# Provided entries:
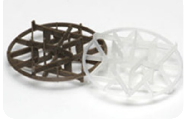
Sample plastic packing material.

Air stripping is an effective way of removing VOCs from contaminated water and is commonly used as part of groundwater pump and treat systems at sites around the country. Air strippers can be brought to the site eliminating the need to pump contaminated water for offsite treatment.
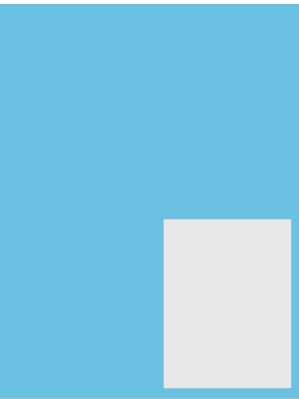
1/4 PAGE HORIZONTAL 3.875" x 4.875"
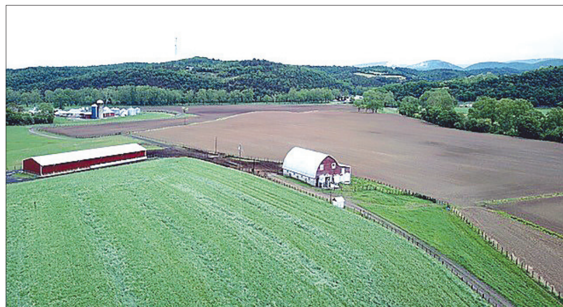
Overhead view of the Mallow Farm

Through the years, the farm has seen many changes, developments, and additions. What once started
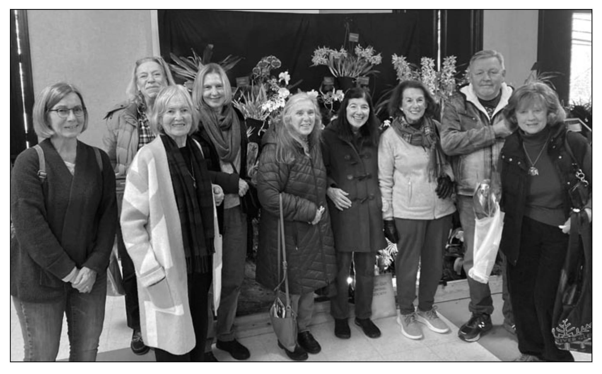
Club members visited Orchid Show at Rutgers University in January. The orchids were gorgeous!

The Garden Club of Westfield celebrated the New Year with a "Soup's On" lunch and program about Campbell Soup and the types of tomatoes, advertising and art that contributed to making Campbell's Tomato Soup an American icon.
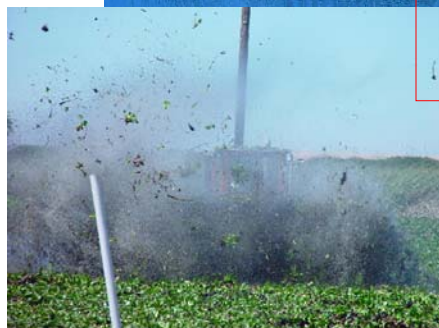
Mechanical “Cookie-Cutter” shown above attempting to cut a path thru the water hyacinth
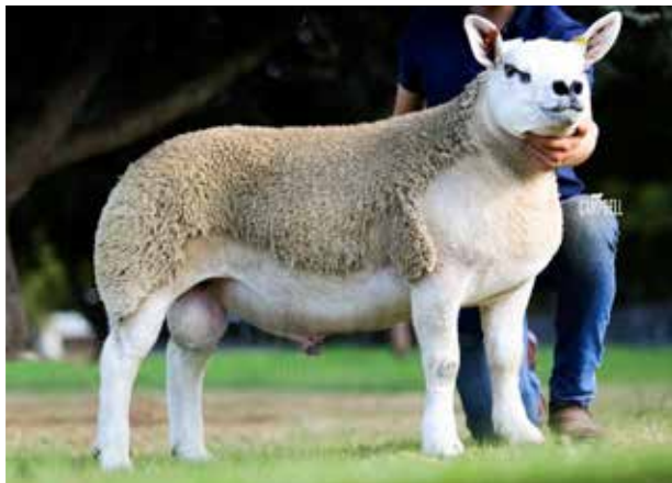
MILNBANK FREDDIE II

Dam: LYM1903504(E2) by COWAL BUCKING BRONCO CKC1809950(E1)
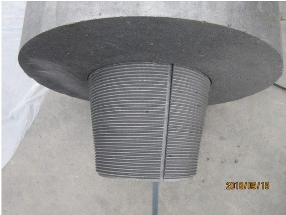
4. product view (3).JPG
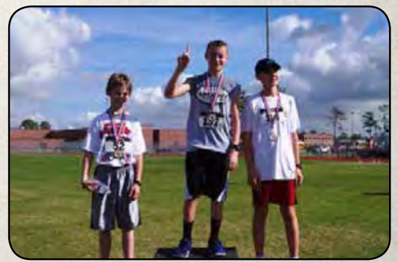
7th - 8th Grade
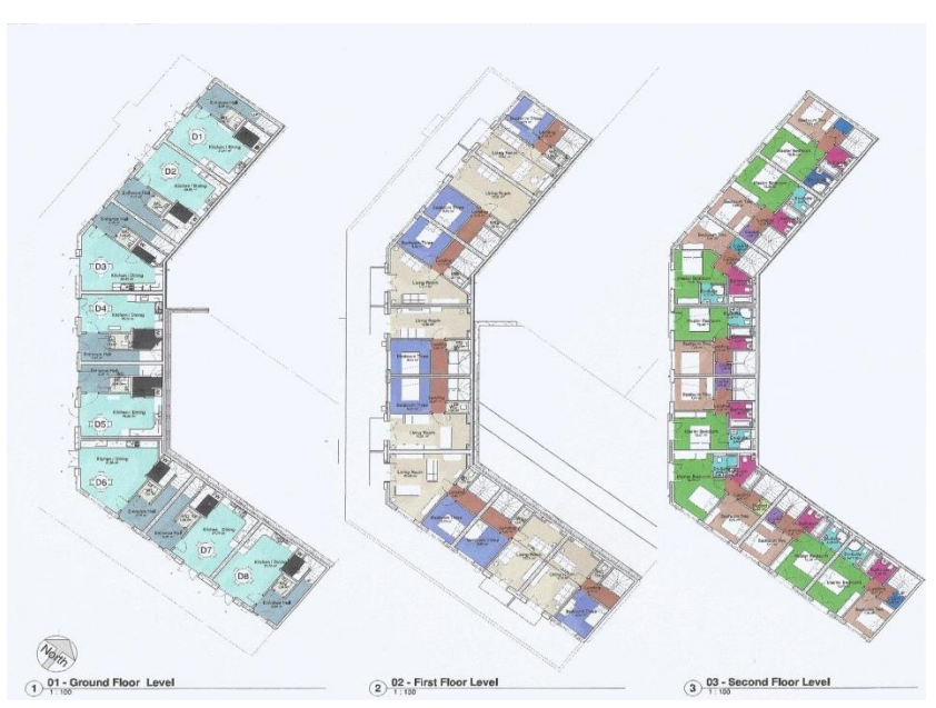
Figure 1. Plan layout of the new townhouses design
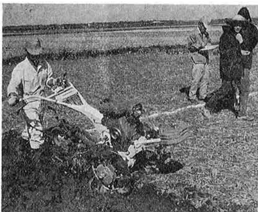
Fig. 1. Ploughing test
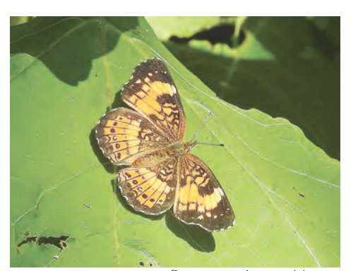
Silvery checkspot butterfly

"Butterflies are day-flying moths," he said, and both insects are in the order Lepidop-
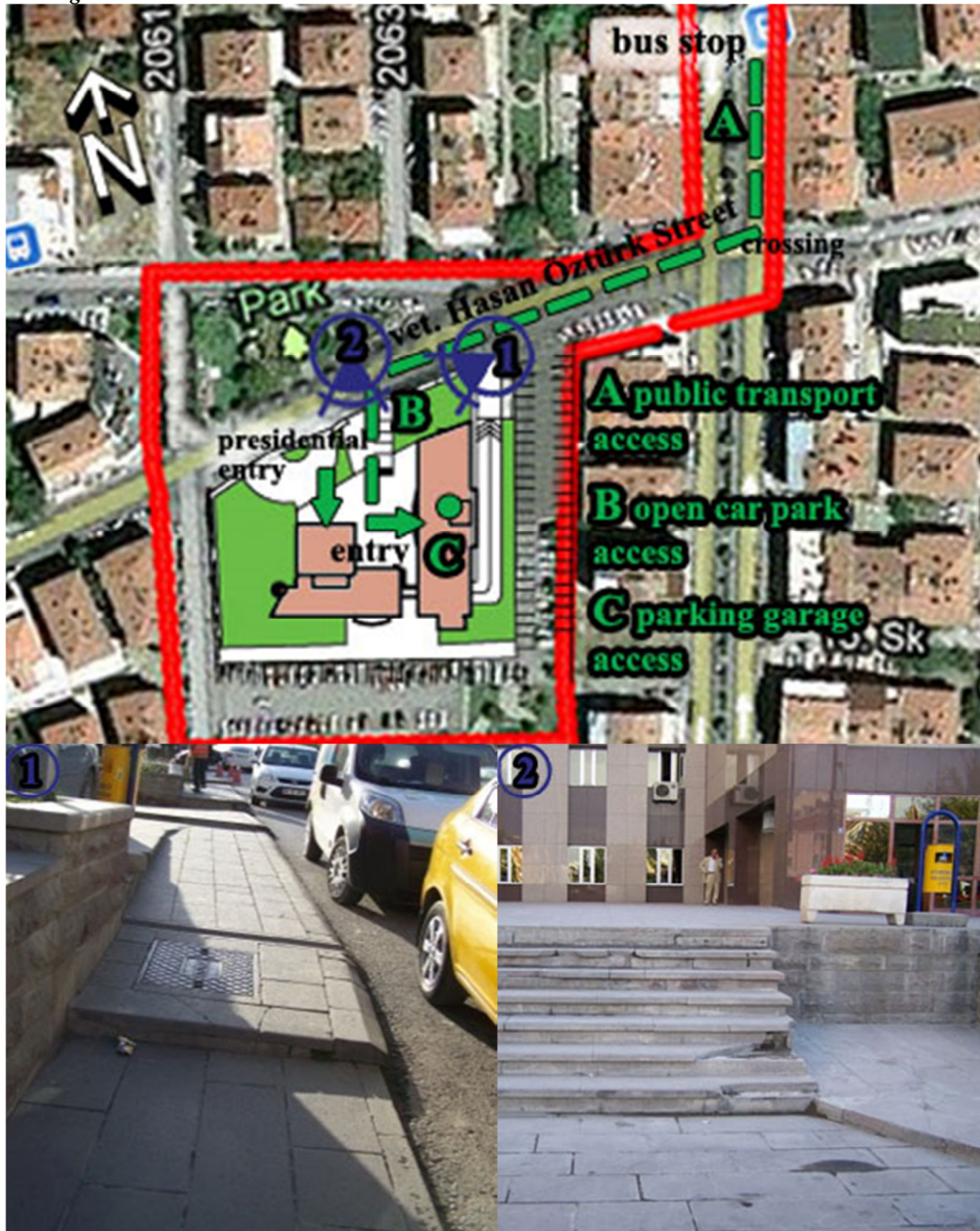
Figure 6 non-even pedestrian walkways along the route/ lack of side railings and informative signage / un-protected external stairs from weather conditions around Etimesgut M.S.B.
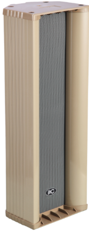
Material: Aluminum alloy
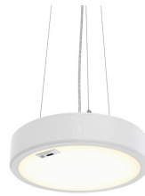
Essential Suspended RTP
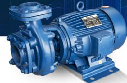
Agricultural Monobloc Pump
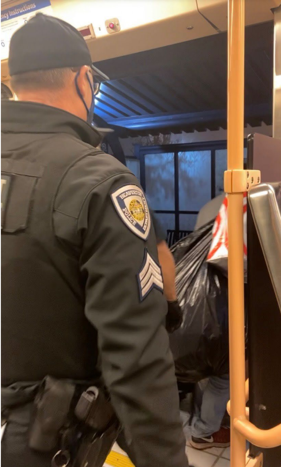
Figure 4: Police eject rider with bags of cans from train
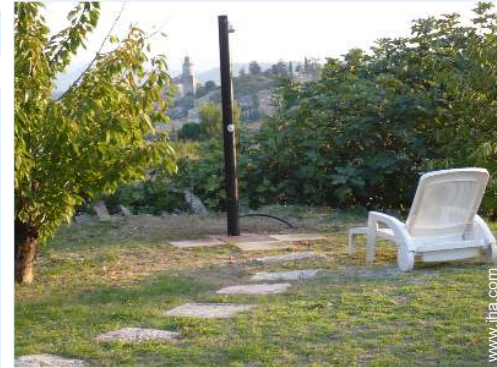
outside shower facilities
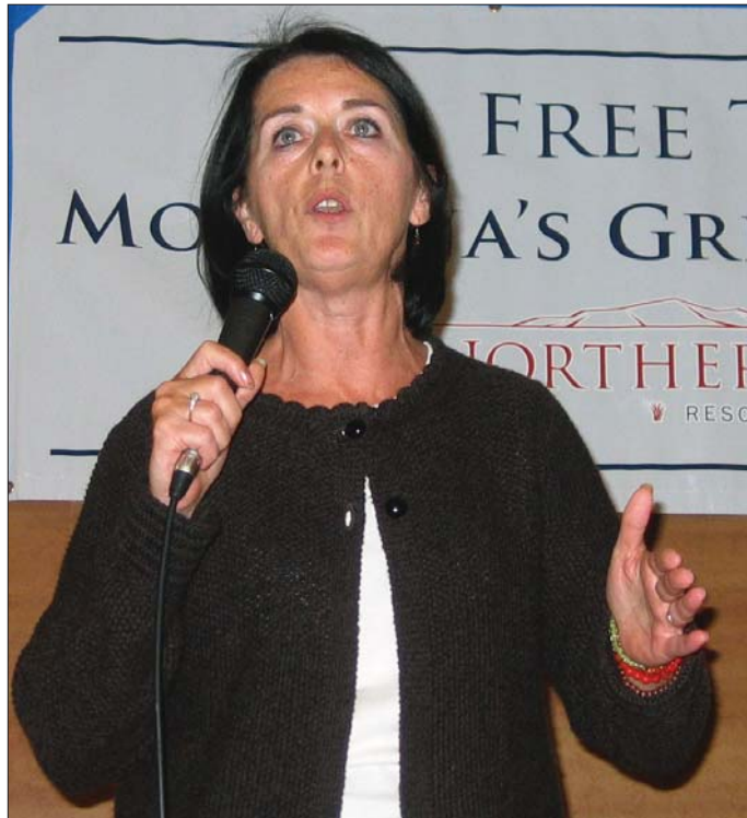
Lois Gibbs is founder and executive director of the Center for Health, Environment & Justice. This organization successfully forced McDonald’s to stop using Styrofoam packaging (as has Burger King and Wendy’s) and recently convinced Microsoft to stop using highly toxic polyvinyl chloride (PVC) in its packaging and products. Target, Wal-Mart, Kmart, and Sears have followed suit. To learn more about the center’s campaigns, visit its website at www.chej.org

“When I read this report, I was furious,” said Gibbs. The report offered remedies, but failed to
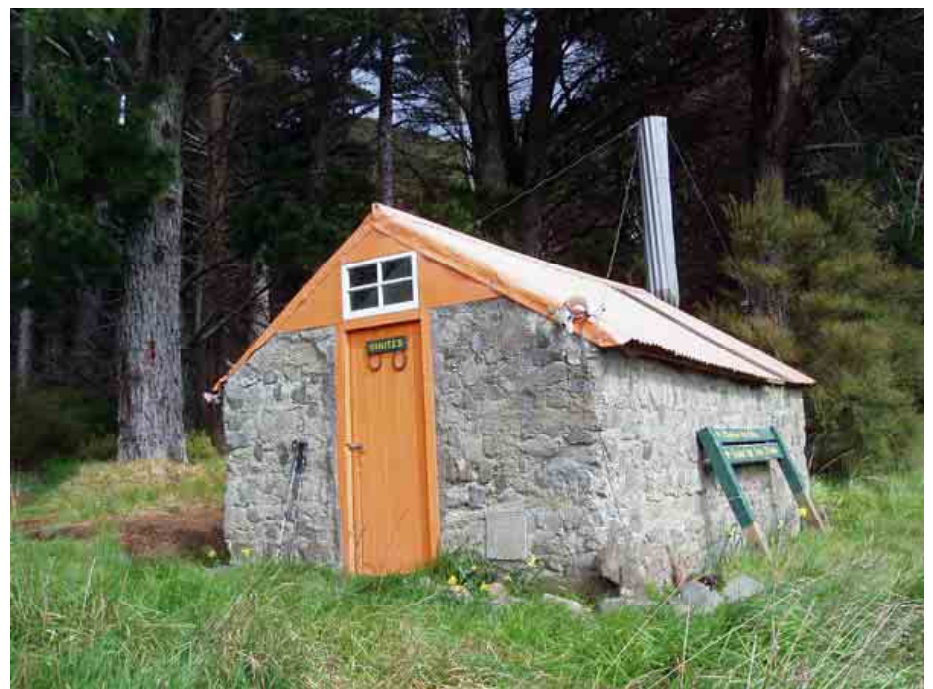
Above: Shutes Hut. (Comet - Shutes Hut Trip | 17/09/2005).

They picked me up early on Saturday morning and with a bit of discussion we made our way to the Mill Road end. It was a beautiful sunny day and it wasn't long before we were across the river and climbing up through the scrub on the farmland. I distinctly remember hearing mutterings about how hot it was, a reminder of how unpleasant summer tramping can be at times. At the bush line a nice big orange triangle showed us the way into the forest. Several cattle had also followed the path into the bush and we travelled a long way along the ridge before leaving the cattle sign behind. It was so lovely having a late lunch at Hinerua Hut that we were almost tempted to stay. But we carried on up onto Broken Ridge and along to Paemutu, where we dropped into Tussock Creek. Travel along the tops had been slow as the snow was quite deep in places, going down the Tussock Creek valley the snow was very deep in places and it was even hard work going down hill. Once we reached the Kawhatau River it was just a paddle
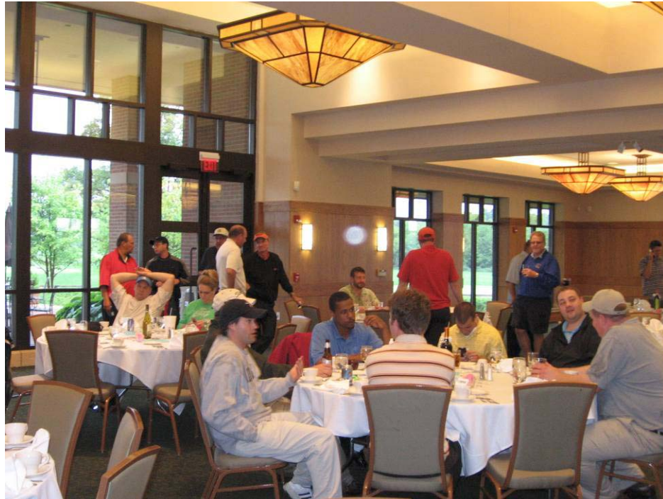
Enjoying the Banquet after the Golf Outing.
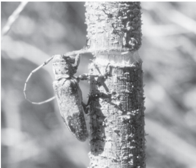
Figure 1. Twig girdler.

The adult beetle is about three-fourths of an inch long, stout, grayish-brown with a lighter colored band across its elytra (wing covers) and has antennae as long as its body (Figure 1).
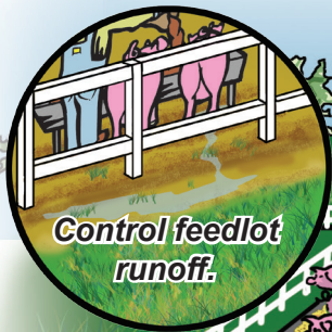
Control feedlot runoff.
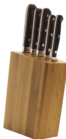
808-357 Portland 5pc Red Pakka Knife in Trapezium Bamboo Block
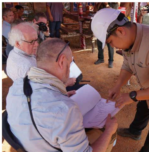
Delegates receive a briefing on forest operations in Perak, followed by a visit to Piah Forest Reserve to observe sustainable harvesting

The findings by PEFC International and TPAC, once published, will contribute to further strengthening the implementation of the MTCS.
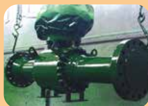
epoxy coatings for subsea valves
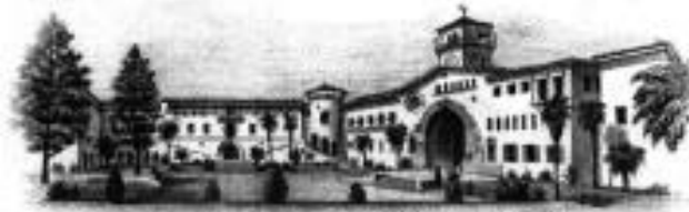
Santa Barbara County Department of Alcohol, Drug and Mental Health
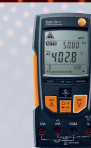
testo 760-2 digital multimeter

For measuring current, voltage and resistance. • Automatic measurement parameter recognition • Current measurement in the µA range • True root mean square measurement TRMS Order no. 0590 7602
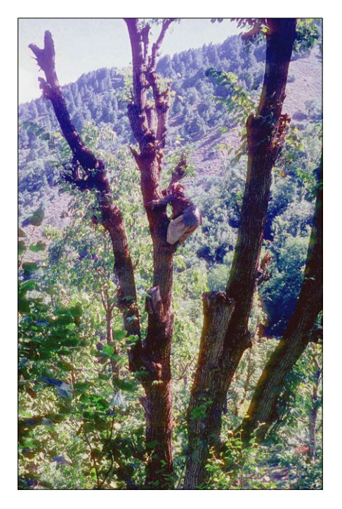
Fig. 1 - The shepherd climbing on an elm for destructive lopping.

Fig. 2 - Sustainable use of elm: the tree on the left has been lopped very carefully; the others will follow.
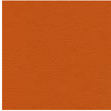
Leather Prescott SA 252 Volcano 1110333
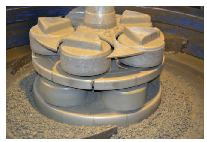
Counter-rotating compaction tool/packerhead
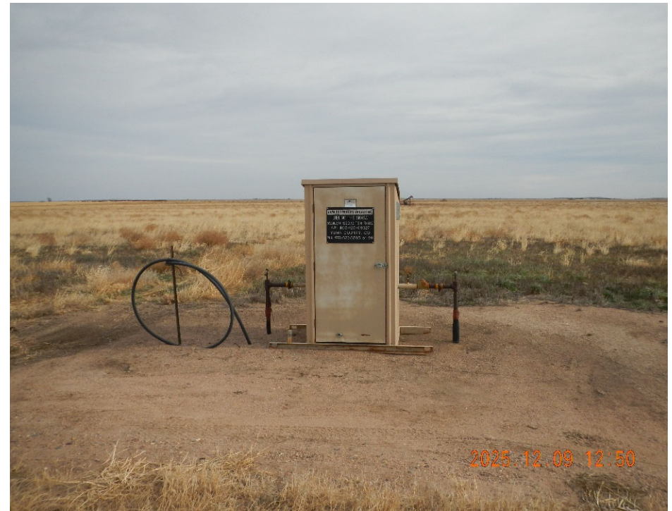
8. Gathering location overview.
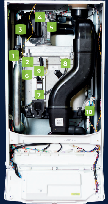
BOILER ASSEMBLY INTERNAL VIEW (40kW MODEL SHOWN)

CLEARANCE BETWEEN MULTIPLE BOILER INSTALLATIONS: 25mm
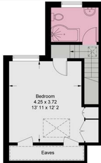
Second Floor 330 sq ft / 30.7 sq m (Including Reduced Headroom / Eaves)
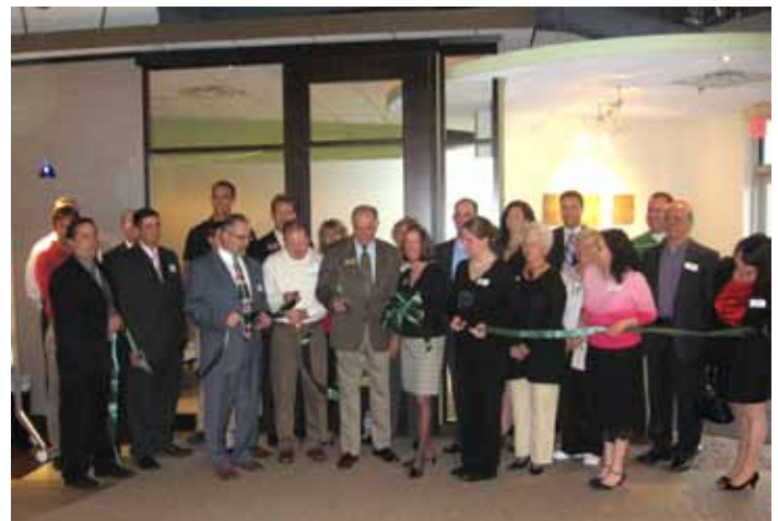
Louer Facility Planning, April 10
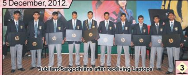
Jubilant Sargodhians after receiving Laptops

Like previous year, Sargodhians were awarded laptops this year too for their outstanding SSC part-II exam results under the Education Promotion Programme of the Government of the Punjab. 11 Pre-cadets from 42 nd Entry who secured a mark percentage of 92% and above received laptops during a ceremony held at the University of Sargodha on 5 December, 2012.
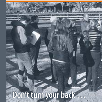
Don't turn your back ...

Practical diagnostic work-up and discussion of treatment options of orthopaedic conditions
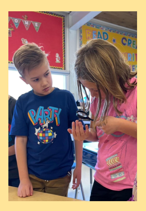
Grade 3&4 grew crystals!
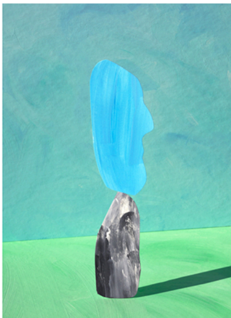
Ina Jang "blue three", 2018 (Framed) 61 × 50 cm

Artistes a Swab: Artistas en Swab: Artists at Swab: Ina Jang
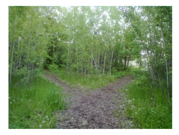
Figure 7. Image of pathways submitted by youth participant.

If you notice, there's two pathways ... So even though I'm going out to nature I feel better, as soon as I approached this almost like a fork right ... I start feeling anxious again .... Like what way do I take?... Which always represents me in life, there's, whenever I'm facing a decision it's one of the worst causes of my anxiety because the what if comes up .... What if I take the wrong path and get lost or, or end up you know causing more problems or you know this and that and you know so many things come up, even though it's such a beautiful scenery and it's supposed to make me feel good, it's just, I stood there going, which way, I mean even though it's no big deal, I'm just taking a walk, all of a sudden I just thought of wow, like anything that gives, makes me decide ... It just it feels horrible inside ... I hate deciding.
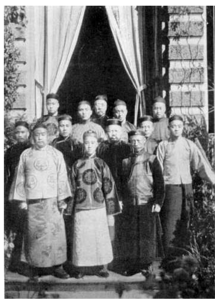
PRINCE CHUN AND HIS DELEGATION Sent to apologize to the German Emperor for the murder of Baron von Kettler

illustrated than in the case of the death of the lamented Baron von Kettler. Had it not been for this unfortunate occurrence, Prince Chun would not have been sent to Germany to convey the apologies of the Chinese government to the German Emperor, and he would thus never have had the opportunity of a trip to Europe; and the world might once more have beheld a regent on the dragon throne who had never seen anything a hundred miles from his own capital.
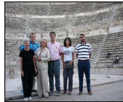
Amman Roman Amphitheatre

# Directions:
Start with the line above containing "Lois Gibbs is" and end with the line containing "Above: Shutes Hut.". Set down that stretch exactly, without any pictures.

# Response for this exercise:
Lois Gibbs is founder and executive director of the Center for Health, Environment & Justice. This organization successfully forced McDonald’s to stop using Styrofoam packaging (as has Burger King and Wendy’s) and recently convinced Microsoft to stop using highly toxic polyvinyl chloride (PVC) in its packaging and products. Target, Wal-Mart, Kmart, and Sears have followed suit. To learn more about the center’s campaigns, visit its website at www.chej.org

“When I read this report, I was furious,” said Gibbs. The report offered remedies, but failed to
Above: Shutes Hut. (Comet - Shutes Hut Trip | 17/09/2005).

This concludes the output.